Le président de SAS est assimilé salarié : il ne doit des cotisations sociales que s’il perçoit une rémunération. Aucune cotisation minimale forfaitaire ne s’applique en son absence, contrairement au gérant majoritaire de SARL. La reprise effective déclenche le retour aux obligations déclaratives et au cycle de la DSN mensuelle dès la première paie versée.


Le statut d’assimilé salarié du président de SAS : le point de départ

Nathalie, gérante d’une SARL (exemple illustratif récurrent dans nos guides), avait mis sa société “Lumière & Décors” en sommeil 18 mois pour régler une situation personnelle. Si elle avait opté pour une SAS plutôt qu’une SARL au moment de la création, la question des cotisations sociales pendant cette pause se serait posée très différemment — c’est tout l’enjeu de cet article pour les présidents de SAS qui envisagent une reprise d’activité.

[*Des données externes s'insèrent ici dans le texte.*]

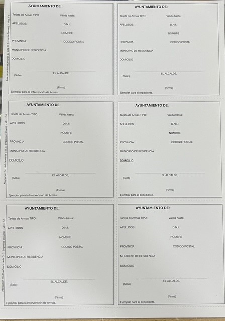 TARJETAS REGISTRO BLANCA AYUNTAMIENTO ARMAS 4º CATEGORIA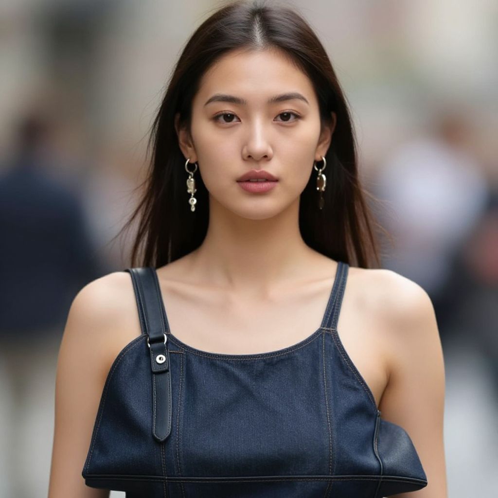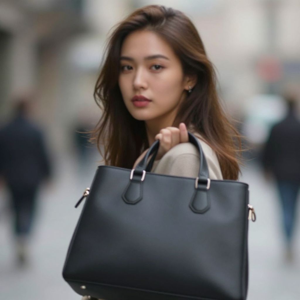 Photograph of an Asian woman with long, wavy brown hair and fair skin, standing in a blurred, urban street background. She has full lips with dark red lipstick and is wearing a light-colored coat. She holds a sleek, black leather handbag with silver hardware in her right hand, raised slightly in front of her. Her expression is neutral, and she gazes directly at the camera. The background features indistinct figures and buildings, suggesting a bustling city environment. The image has a shallow depth of field, focusing on the woman while the background remains out of focus.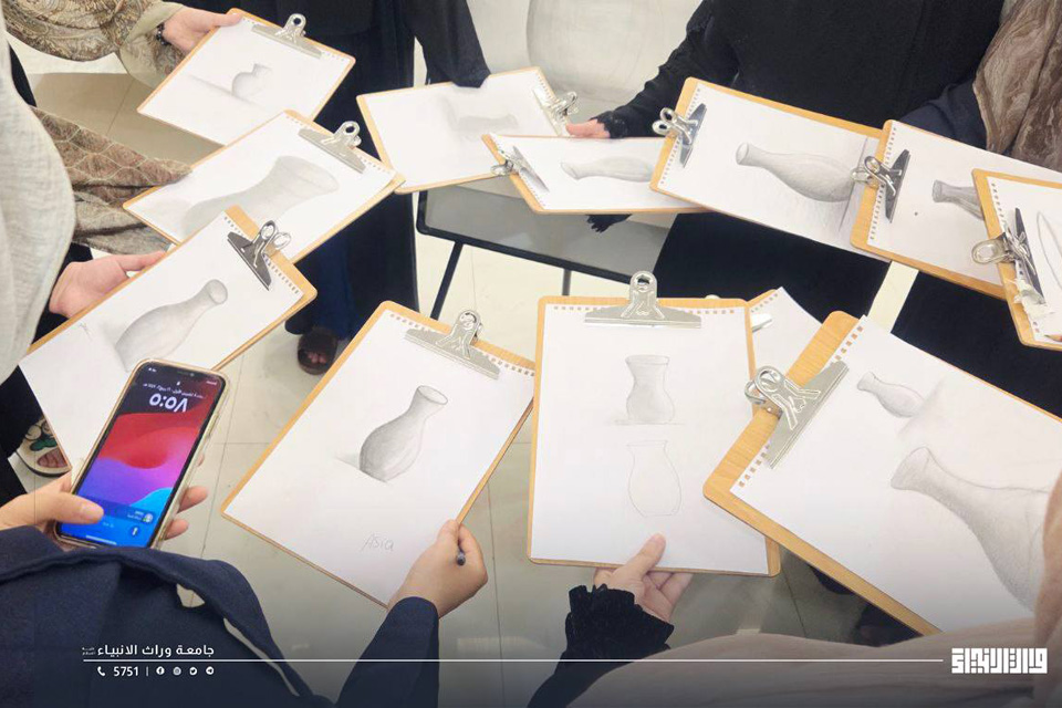 أقام قسم شؤون الأقسام الداخلية في جامعة وارث الأنبياء (عليه السلام) ورشة فنية بعنوان "تطوير مهارة الرسم" بالتعاون مع مديرية شباب ورياضة كربلاء / شعبة الثقافة والفنون، بمشاركة مجموعة من طالبات الأقسام الداخلية في أجواء فنية تفاعلية تهدف إلى تنمية المواهب وتعزيز الإبداع.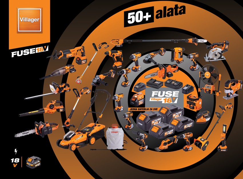 Villager FUSE™ grupa alata, koja predstavlja odličan balans cene, kvaliteta i asortimana. Sa više od 50 alata koje pokreće ista baterija, Villager FUSE™ ostavlja prostora za ogromnu uštedu, jer vam ne treba posebna baterija za svaki komad alata, već je jedna dovoljna za sve.

Le président de SAS (ou de SASU) est rattaché au régime général de la Sécurité sociale en qualité d’assimilé salarié. Ce statut conditionne toute la mécanique des cotisations au moment de la reprise.

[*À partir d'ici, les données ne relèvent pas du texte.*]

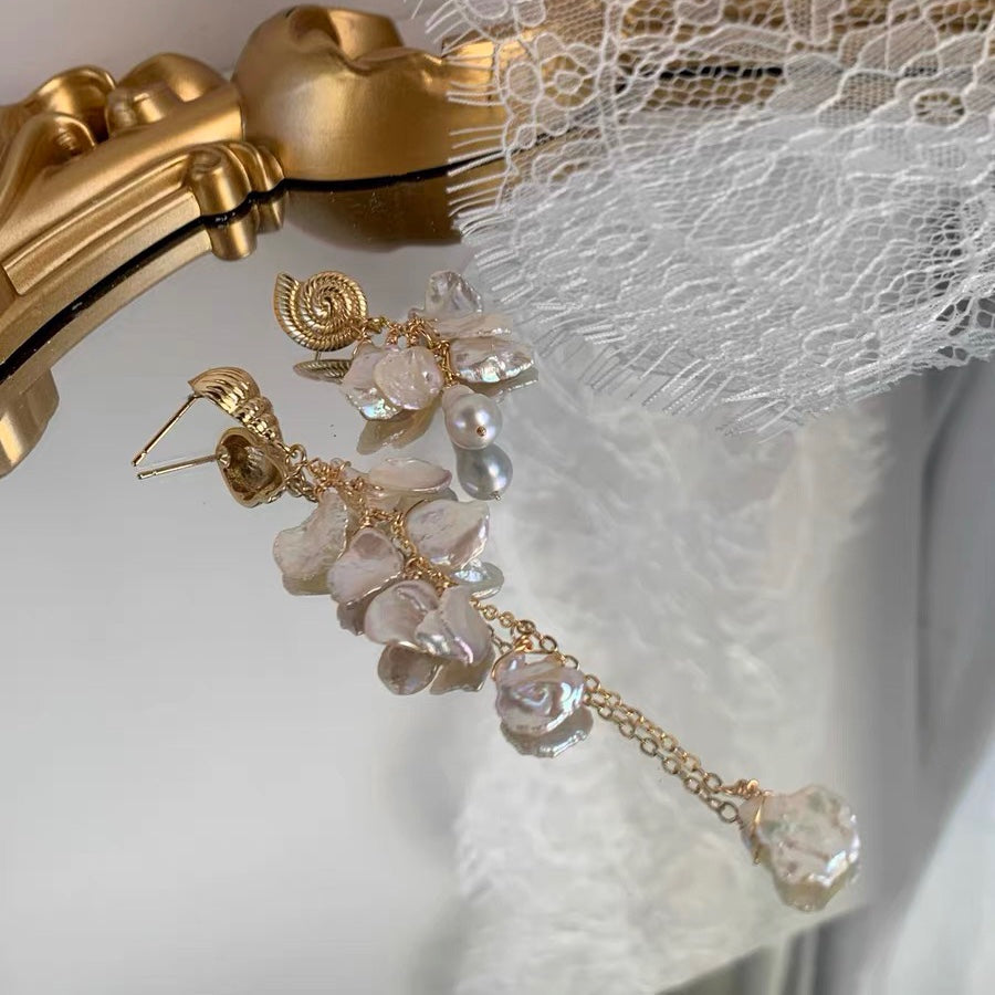 keshi éclats d'argent perles baroques naturelles en forme de pétale coquillage conque aiguille en argent 925 boucles d'oreilles romantiques françaises de niche nouvelles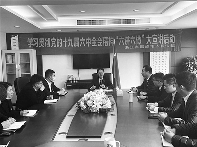 近日,温岭法院石陈法庭庭长陈泳滨来到温岭农村商业银行股份有限公司石塘支行,宣讲党的十九届六中全会精神。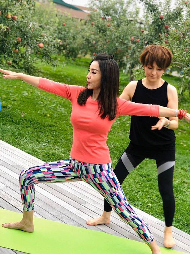 陳美鳳赴日體驗蘋果樹下做瑜珈,美好曲線完全遮不住。(圖/民視提供)

Contrairement au gérant majoritaire de SARL — qui relève du régime des travailleurs non-salariés (TNS) et peut rester redevable de cotisations minimales même sans rémunération (au régime réel, ces cotisations minimales représentent environ 1 255 à 1 298 € par an, entre assurance vieillesse, indemnités journalières et invalidité-décès) —, le président de SAS ne génère aucune cotisation sociale s’il n’est pas rémunéré. C’est l’un des effets concrets du choix de la forme juridique pendant une période de sommeil : zéro rémunération versée égale zéro charge sociale pour le président.

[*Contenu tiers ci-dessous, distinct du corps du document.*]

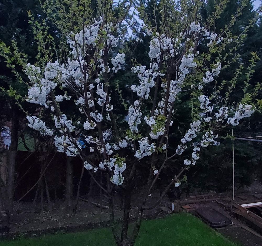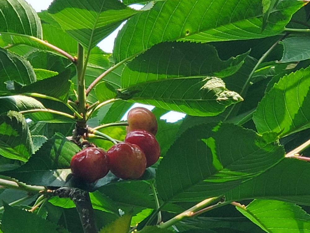 春天来了, 两棵树开花了, 紫红樱桃树开了十几朵花, 而黄樱桃开了好几百朵。 辛勤的密蜂在两棵树之间忙个不停, 让花朵们互相授粉, 一朵花一个果, 今年一定是个樱桃丰收年。不过我知道, 后院还有几对小鸟夫妻, 总是唱着歌儿, 同行飞翔在樱桃果实之间。樱桃熟不熟, 小鸟先知道。说不定那一天熟了的樱桃会随着小鸟同行远飞, 樱桃把自己甜美的果肉分享给小鸟, 小鸟则飞的更远, 把樱桃种子撒在田间山野之中, 又是一曲生命相逢和同行的歌。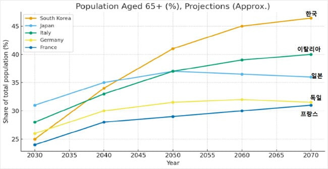 국제연합(UN)의 ‘2024 세계인구전망’ 예상치를 종합하면, 우리나라 65세 이상 비율은 2040년에 33.9%로 높아져 일본의 34.8%와 사실상 같아질 전망이다. 2045년 무렵에는 38%를 넘어서며 일본(36%)을 추월할 가능성이 크다. 출산율 급등과 같은 변수가 없다면, 2050년 43.3%, 2060년 45.2%, 2070년 46.4%로 치솟는다. 경제활동 세대 1명이 노인 1명 이상을 떠받치는 사회가 되는 셈이다.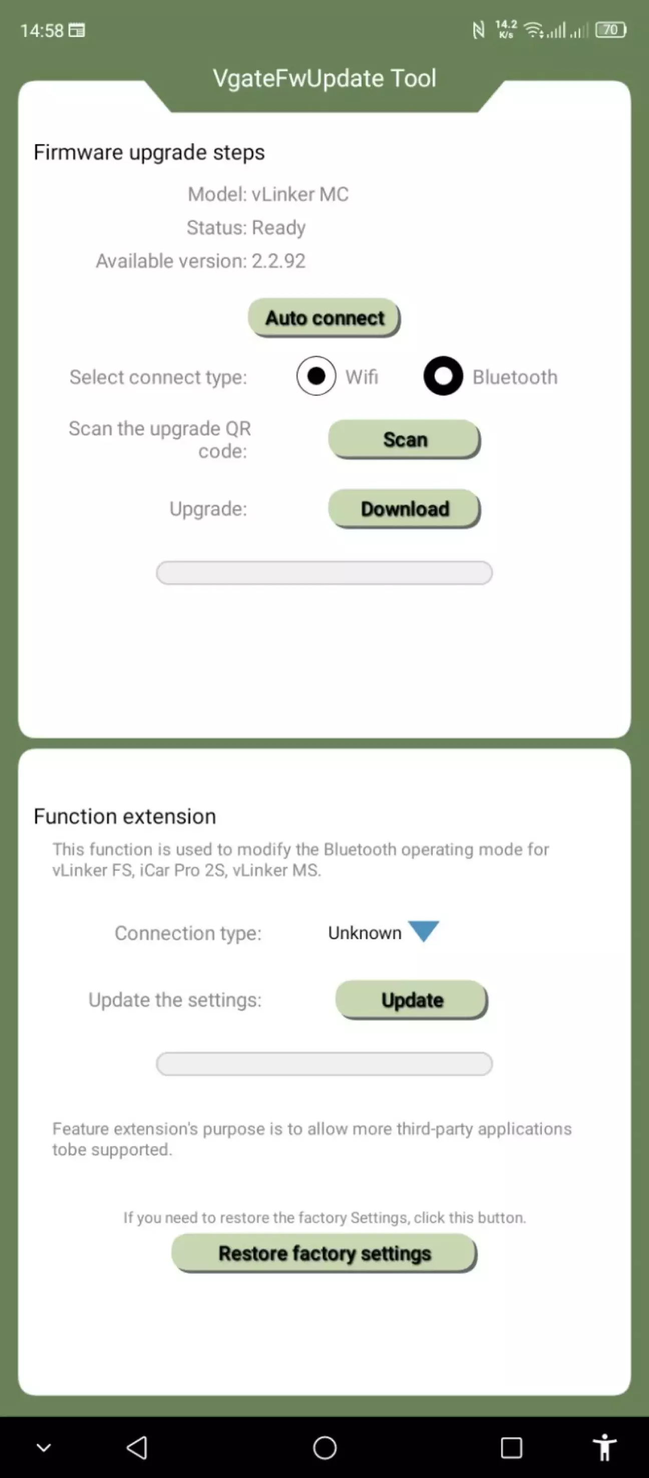 2. Function extension (розширення функцій). Ця функція використовується для зміни режиму роботи Bluetooth для vLinker FS, iCar Pro 2s, vLinker MS. Мета розширення функцій – дозволити підтримку більшої кількості стороннії програм.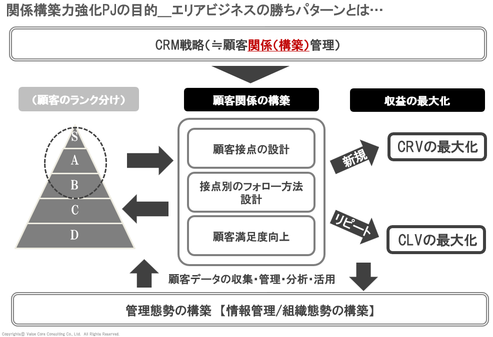 - ネットワークシェアの向上(新規顧客): 既存顧客からの紹介や口コミを増やし、新規顧客の獲得(CRV)に繋げます。

Ce principe découle des règles du régime général : les cotisations sont assises sur les sommes effectivement versées à titre de rémunération. En l’absence de salaire ou de rémunération statutaire, la base de calcul est nulle.

Piège de praticien : ce n’est pas parce qu’aucune cotisation n’est due que la société est dispensée de toute obligation sociale pendant le sommeil. Si le président perçoit des dividendes alors que la société détient encore des actifs générateurs de revenus, ces dividendes restent soumis au prélèvement forfaitaire unique de 30 % (ou, sur option, au barème progressif de l’impôt sur le revenu avec les prélèvements sociaux correspondants). Beaucoup de dirigeants oublient cette distinction entre cotisations sociales (assises sur la rémunération du travail) et prélèvements sociaux (assis sur les revenus du capital), qui continuent de s’appliquer même en sommeil.


Cotisations sociales applicables dès la reprise de rémunération

Dès que le président de SAS décide de se verser à nouveau une rémunération après la période de sommeil, les cotisations habituelles du régime général s’appliquent. Elles sont déclarées via la Déclaration Sociale Nominative (DSN), transmise mensuellement.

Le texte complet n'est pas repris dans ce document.